• [RECORDED DATA]:
──────────────────────────────
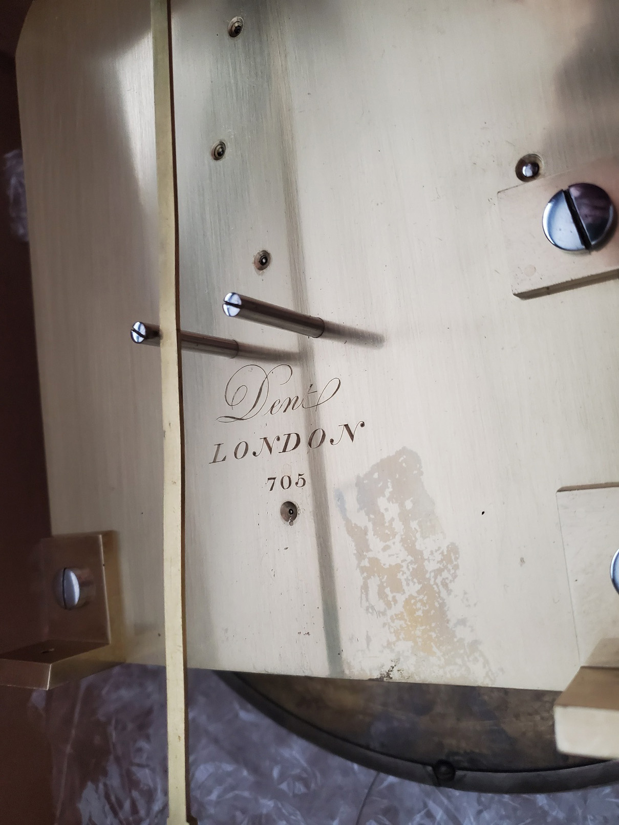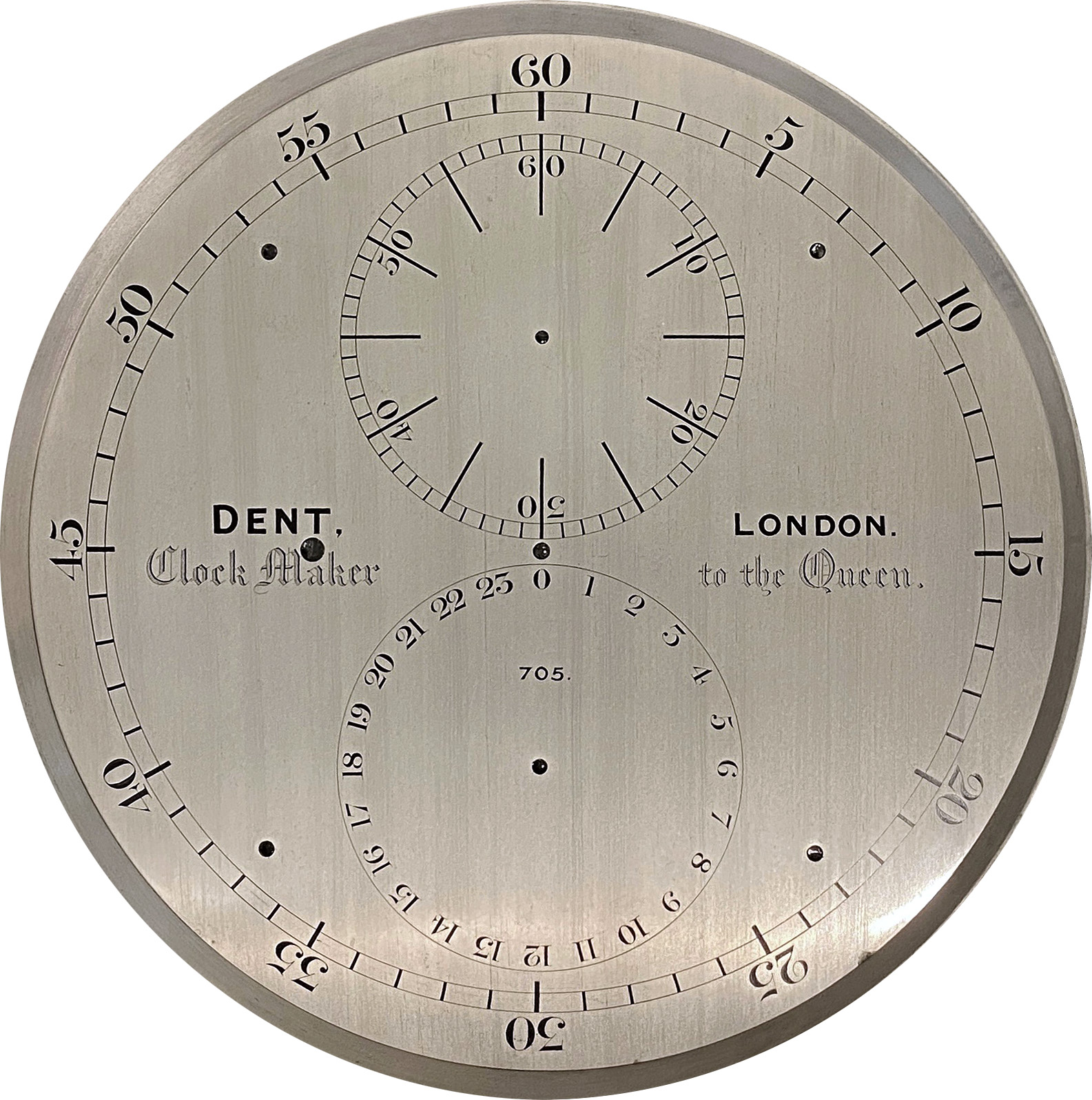 Vaudrey Mercer's book on Dent indicates that regulators 517 to 1503 were made between 1840-53... which puts #705 at c1843. Dimensions: Height 53 inches; Width 15 inches; Depth 8 1/2 inches.
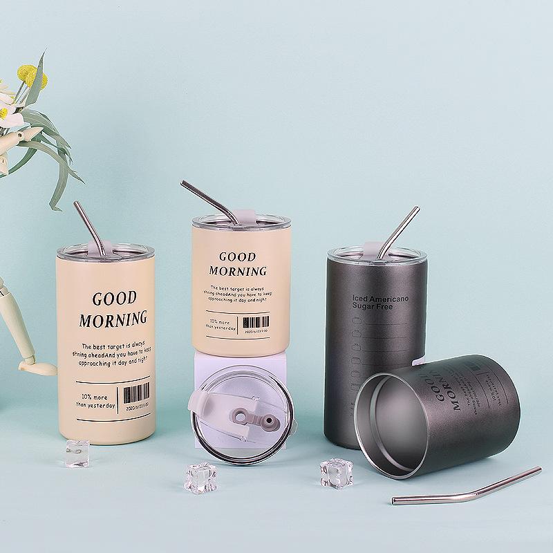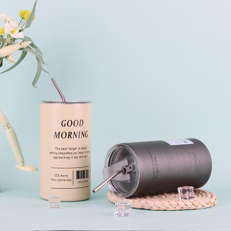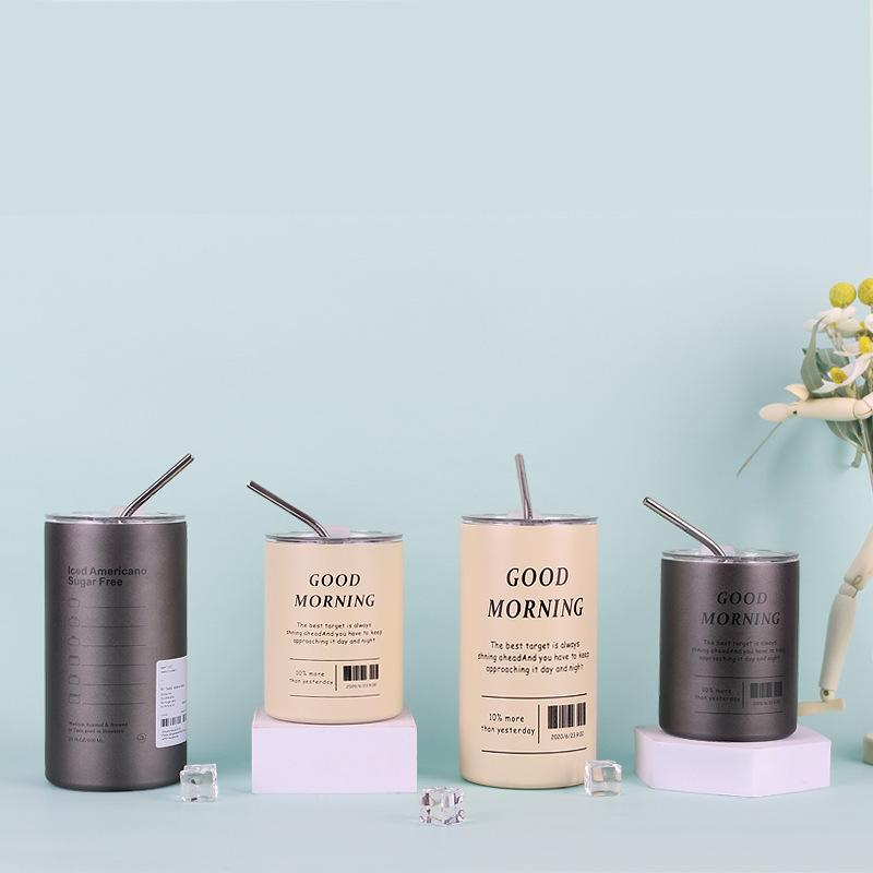 Acero Inoxidable 304 Taza de Café Americano Helado Latte Vaso al Vacío para Coche Doble Capa con Popote Vaso Recto Aislamiento para Oficina
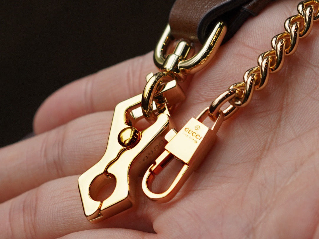 Gucci borrowed notes from its '50s archives when designing its Gucci Horsebit 1955 shoulder bag. This miniature style is crafted from canvas into a curved flap-top silhouette with leather trims, and it swings from a shoulder strap that can be removed should you wish to wear it as a clutch.
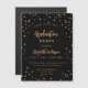 Um cartão de convite glamouroso para uma festa de formatura para ele e para ela. Um fundo preto decorado com estrelas douradas falsas. Personalize e adicione um nome e detalhes da parte. O texto Graduação e o nome são escritos com um script de estilo moderno, escrito à mão. Texto colorido do ouro.
──────────────────────────────
• [WHAT THE EXERCISE ASKS]: Transcribe only the lines above that start at the line containing "Acero Inoxidable 304" and end at the line containing "Gucci borrowed notes". Omit pictures.

• [RESPONSE]:
 Acero Inoxidable 304 Taza de Café Americano Helado Latte Vaso al Vacío para Coche Doble Capa con Popote Vaso Recto Aislamiento para Oficina
 Gucci borrowed notes from its '50s archives when designing its Gucci Horsebit 1955 shoulder bag. This miniature style is crafted from canvas into a curved flap-top silhouette with leather trims, and it swings from a shoulder strap that can be removed should you wish to wear it as a clutch.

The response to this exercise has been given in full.